There Are Several Classes Of Pattern
Recognition Receptors
PRRs on phagocytic cells recognize and are activated by PAMPs
Because the ability to
discriminate friend from foe is of paramount importance for any self‐respecting
phagocyte, macrophages are fairly bristling with receptors capable of recognizing diverse PAMPs. Many of the PRRs
are also expressed on DCs, NK cells, neutrophils and mast cells, as well as
cells of the adaptive immune system. Several of these PRRs are lectin‐like and
bind multivalently with considerable specificity to exposed microbial surface
sugars with their characteristic rigid three‐dimensional geometric
configurations. They do not bind appreciably to the array of galactose or
sialic acid groups that are commonly the penultimate and ultimate sugars that
decorate mammalian surface polysaccharides, so providing the molecular basis
for discriminating between self and nonself microbial cells. Other PRRs detect
nucleic acids derived from bacterial and viral genomes by virtue of modifications
not commonly found within vertebrate nucleic acids or conformations not
normally found in the cytoplasm (e.g.,
double‐stranded RNA).
PRRs are a diverse group of
receptors that can be subdivided into at least five distinct families (TLRs,
CTLRs, NLRs, RLRs, and scavenger receptors) based upon structural features.
Another class of sensors has also emerged in recent years, the cytosolic DNA
sensors (CDSs), which contains a structurally diverse set of cytosolic
DNA‐sensing receptors that are pre- dominantly involved in detecting
intracellular bacteria and viruses. Multiple receptors also exist in each
class, with the result that in excess of 50 distinct PRRs may be expressed by a
phagocyte at any given time.
Cell‐associated PRRs decode the nature of infection
As noted earlier, there are
several classes of cell‐associated PRRs, some of which are plasma
membrane‐associated (e.g., many of the Toll‐like receptors as well as the
C‐type lectin receptors and scavenger receptors), some of which face the
luminal space of endosomes (TLR3, 7, 8, 9) and some of which are cytoplasmic
(NOD‐like receptors, RIG‐I‐like receptors, cytoplasmic DNA sensors). In general
terms, each PRR is specific for a distinct PAMP and, combined with the
different cellular compartments that PRRs reside in, this conveys considerable
information concerning the nature of the pathogen and whether it is
extracellular, has been captured through phagocytosis (i.e., is within
endosomes) or has invaded the cytoplasm. This information helps to tailor the
response towards what will be most effective for the particular class of
pathogen by influencing the nature of the cytokines that are produced by the
responding cell.
Engagement of several categories of PRR simultaneously may be required
for effective immune responses
Although this is an area of
ongoing research, combinatorial PRR signaling is probably very
important for the initiation of effective immune responses.
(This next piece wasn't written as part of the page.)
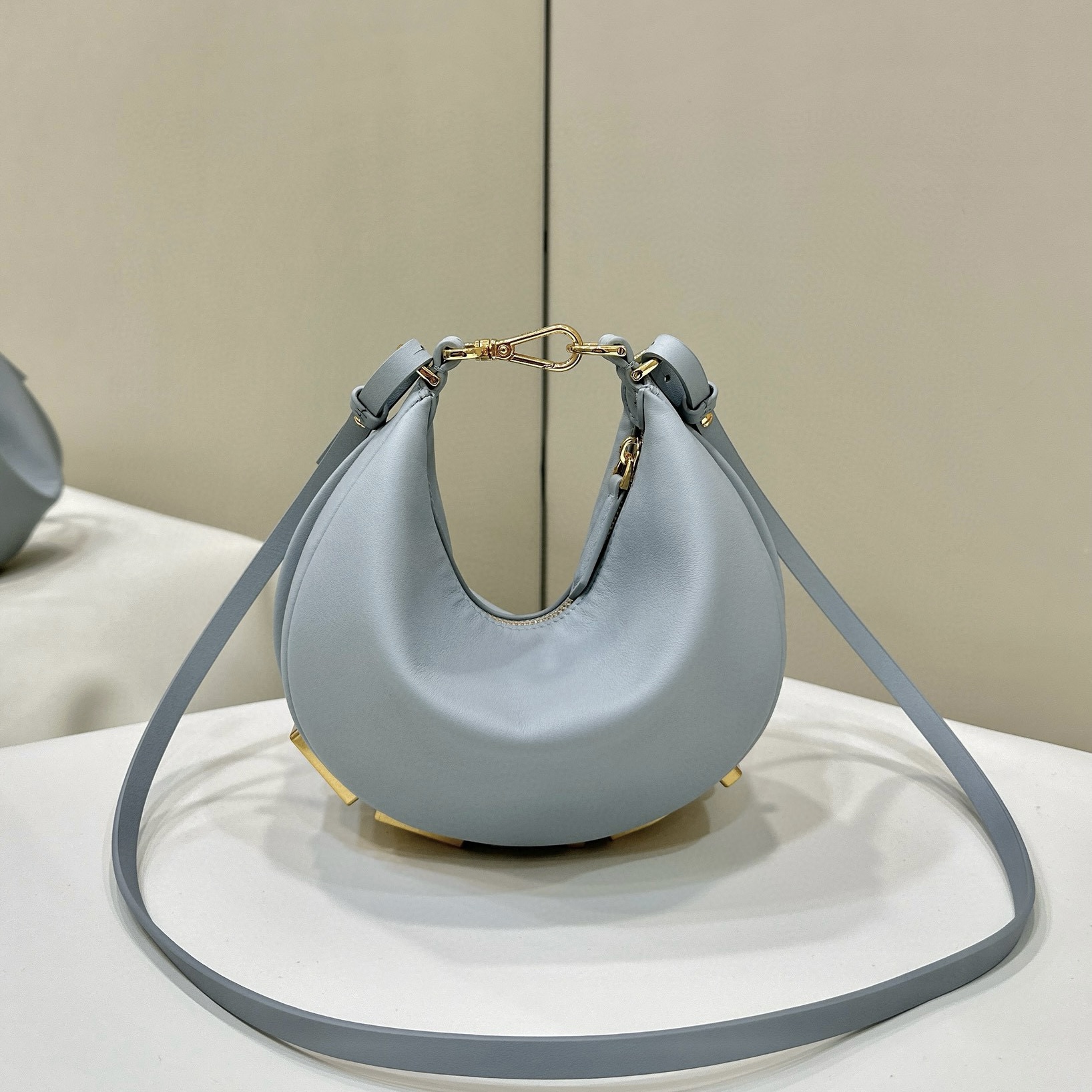 迷你新月包,柔軟白色皮革材質,飾有復古金色金屬FENDI字樣。

Thus, the
triggering of a single type of PRR, in a DC for example, may not be fully
effective for the initiation of a robust adaptive immune response, as this
could indicate either a low level of infection, or that the DC is at a
considerable distance from the site of infection (and has simply encountered a
few stray PAMPs that have been released owing to lysis of the infectious
agent). However, phagocytosis of a single bacterium by a DC is likely to
stimulate multiple categories of PRR simultaneously, leading to
synergistic activation of several signal transduction pathways, thereby signifying
that a robust response is warranted. Furthermore, it is likely that engagement
of different combinations of PRRs underpins the different types of immune
response that are required to successfully contain different types of
infection: intracellular, extracellular, large parasite, yeast, bacterial,
viral, etc.
As we shall see throughout this book,
delivery of two (or more) different signals in tandem is a common theme
in immune reactions and can lead to very different outcomes compared
with delivery of either signal on its own. We will now look at the various PRR
families in more detail.
Toll‐like receptors (TLRs)
A major subset of the PRRs belong
to the Toll‐like receptor (TLR) family, named on the basis of
their similarity to the Toll receptor in the fruit fly, Drosophila. The
history of the discovery of the TLR family is interesting, as it perfectly
illustrates the serendipitous nature of scientific discovery and illustrates
how very important findings can originate in the most unlikely places.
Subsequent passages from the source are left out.